It's a long time since a Dilbert cartoon featured on this weblog -- a year ago, in fact ("Not enough to make a Kat laugh", here), when this member of the team needed some explanation regarding the humour of a triptych based on an intellectual property theme. Well, the Kat has just encountered another IP-rich triptych. This time he thinks he understands it.
Catbert (the evil director of human resources) starts off as the apparent villain of the piece. The key word here, missed by speed-readers and people whose eye is drawn to the final, punch-line box before they have finished digesting the contents of the preceding boxes, is "anonymous". How, but through the manifestation of evil, can Catbert have known that Wally was the author of the anonymous comments?

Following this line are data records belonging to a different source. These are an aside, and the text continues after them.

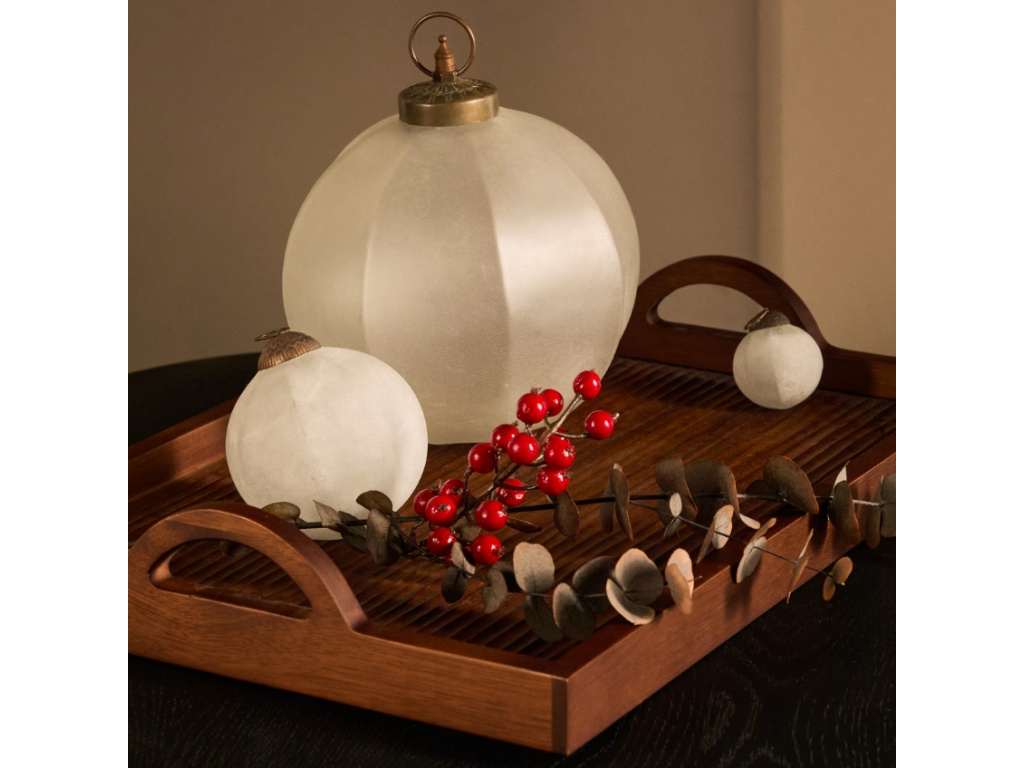 Série ozdob Kave Home Talve z bílého recyklovaného skla vnese do interiéru hřejivou vánoční atmosféru. Vybírat můžete ze tří dostupných velikostí, které můžete stylově nakombinovat. Vyjímat se budou nejen na vánočním stromečku – můžou ozdobit třeba i prostřený stůl nebo sezónně ozdobený toaletní stolek.
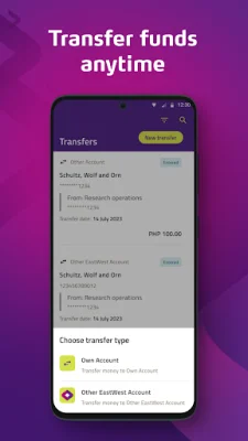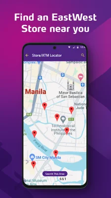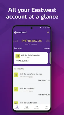 Through the app, you can easily view your account balances and transaction history. You also have the option to assign personalized nicknames to your deposit accounts for easier identification. Plus, you can easily move money between your own EastWest accounts, transfer funds to third-party EastWest accounts, and even send money to other banks via InstaPay and PESONet. You can also conveniently pay bills to over 200 billers.
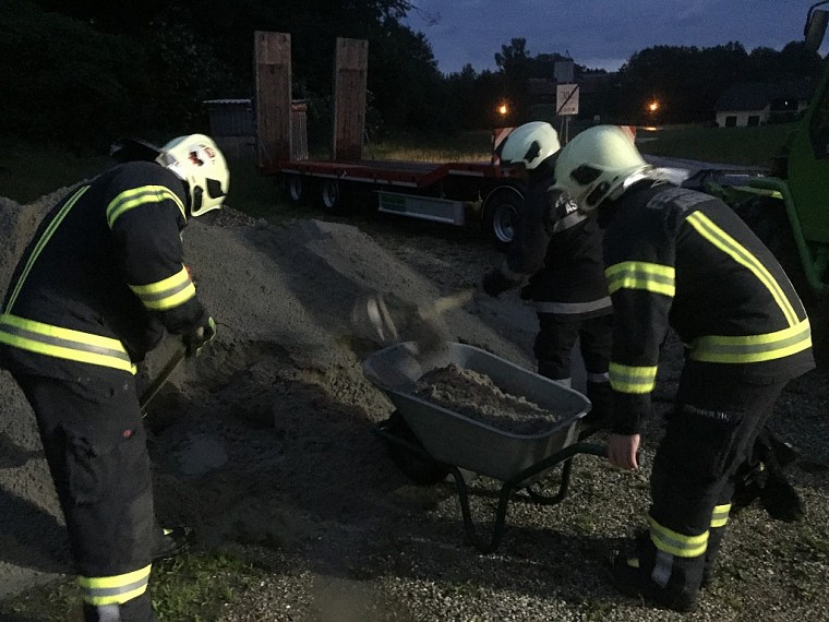 Im Zuge des Heißwasseranschlusses eines Wohnhauses wurden Löcher in die Kellerwand gebohrt, welche noch nicht vollständig abgedichtet worden waren. Infolge des Starkregens füllte sich das Erdloch, das Loch auf der anderen Straßenseite, sowie deren Verbindungstunnel. Es bestand somit die Gefahr einer Kellerüberflutung. Nach Auspumpen beider Löcher wurden die Bohrlöcher für die Heißwasserleitung provisorisch abgedichtet.
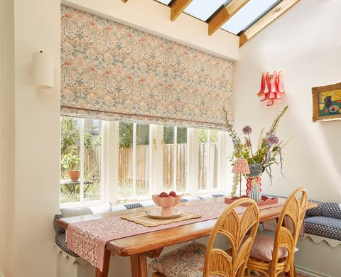 Made to measure is our speciality and when you have unusual windows in your home, you need experts to help you find the ideal solution. This dining nook makes clever use of this corner, but with a full expanse of windows, not to mention the ones above, light control is an absolute must. Crafted to the exact specifications of the window, these side by side Roman blinds are just perfect. Go electric and they'll open and close with a remote so you won't even have to clamber round the table to reach them.
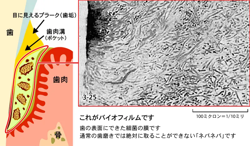歯ブラシでは落ちない歯垢(バイオフィルム)があることが分かってきました。

The second box reveals the subtlety of Wally, who as it appears is playing the system. From his endorsement of the literary oeuvre of the Unabomber (Ted Kaczynski) he makes it plain to Catbert that he is familiar with, and approves of, the writings of the author of the "Unabomber Manifesto" (Industrial Society and its Future, here), a very different society from that in which Catbert wields his power. Wally, knowing Catbert, must have calculated that the employee survey was not therefore anonymous.
The dénouement reveals both Catbert's concern that "we" (meaning "I") have a problem and that Wally, while endorsing the fact that a problem exists, winds Catbert up by nominating an intellectual property issue (which, within the context of the workplace is small, trivial and of no consequence) rather than admitting to the sort of problem which an employee with Unabomber tendencies might pose to an employer in general, and to human resources in particular.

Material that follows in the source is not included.